Required action
Would you return exactly the lines running from the one with "Спряжение глагола verwahrlosen" to the bottom of the listing below, and no others?

*** Opening Data section ***

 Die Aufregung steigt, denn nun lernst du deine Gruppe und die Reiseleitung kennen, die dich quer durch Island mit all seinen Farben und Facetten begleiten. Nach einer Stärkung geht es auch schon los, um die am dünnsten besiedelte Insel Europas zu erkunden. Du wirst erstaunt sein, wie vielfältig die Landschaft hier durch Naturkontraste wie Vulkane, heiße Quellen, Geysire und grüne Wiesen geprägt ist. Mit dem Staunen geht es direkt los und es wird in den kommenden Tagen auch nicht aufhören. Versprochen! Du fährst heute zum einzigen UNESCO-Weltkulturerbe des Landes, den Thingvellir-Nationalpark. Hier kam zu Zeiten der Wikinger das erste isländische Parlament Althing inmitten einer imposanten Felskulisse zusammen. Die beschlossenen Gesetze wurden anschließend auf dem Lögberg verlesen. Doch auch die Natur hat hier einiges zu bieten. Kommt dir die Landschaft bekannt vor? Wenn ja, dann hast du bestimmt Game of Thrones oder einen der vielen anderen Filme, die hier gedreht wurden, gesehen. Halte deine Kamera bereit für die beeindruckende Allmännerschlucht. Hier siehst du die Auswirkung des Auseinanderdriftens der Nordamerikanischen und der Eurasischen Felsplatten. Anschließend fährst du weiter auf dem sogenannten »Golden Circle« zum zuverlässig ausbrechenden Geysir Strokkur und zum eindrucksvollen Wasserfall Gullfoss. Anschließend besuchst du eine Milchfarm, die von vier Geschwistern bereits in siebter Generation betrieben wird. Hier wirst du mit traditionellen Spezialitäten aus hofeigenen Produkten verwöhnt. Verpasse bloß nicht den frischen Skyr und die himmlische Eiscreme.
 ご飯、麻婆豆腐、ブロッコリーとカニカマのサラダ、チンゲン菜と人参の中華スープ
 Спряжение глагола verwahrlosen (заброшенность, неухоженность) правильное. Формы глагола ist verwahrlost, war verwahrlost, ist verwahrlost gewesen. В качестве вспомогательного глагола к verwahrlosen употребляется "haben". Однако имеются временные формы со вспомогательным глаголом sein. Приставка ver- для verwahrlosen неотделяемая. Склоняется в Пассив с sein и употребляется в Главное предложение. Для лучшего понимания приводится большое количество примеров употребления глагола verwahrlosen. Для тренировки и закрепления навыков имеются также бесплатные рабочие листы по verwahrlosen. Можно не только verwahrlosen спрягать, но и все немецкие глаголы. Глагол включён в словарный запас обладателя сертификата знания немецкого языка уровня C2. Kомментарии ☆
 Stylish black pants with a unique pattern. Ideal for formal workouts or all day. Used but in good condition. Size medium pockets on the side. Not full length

*** Closing Data section ***

Response
 Спряжение глагола verwahrlosen (заброшенность, неухоженность) правильное. Формы глагола ist verwahrlost, war verwahrlost, ist verwahrlost gewesen. В качестве вспомогательного глагола к verwahrlosen употребляется "haben". Однако имеются временные формы со вспомогательным глаголом sein. Приставка ver- для verwahrlosen неотделяемая. Склоняется в Пассив с sein и употребляется в Главное предложение. Для лучшего понимания приводится большое количество примеров употребления глагола verwahrlosen. Для тренировки и закрепления навыков имеются также бесплатные рабочие листы по verwahrlosen. Можно не только verwahrlosen спрягать, но и все немецкие глаголы. Глагол включён в словарный запас обладателя сертификата знания немецкого языка уровня C2. Kомментарии ☆
 Stylish black pants with a unique pattern. Ideal for formal workouts or all day. Used but in good condition. Size medium pockets on the side. Not full length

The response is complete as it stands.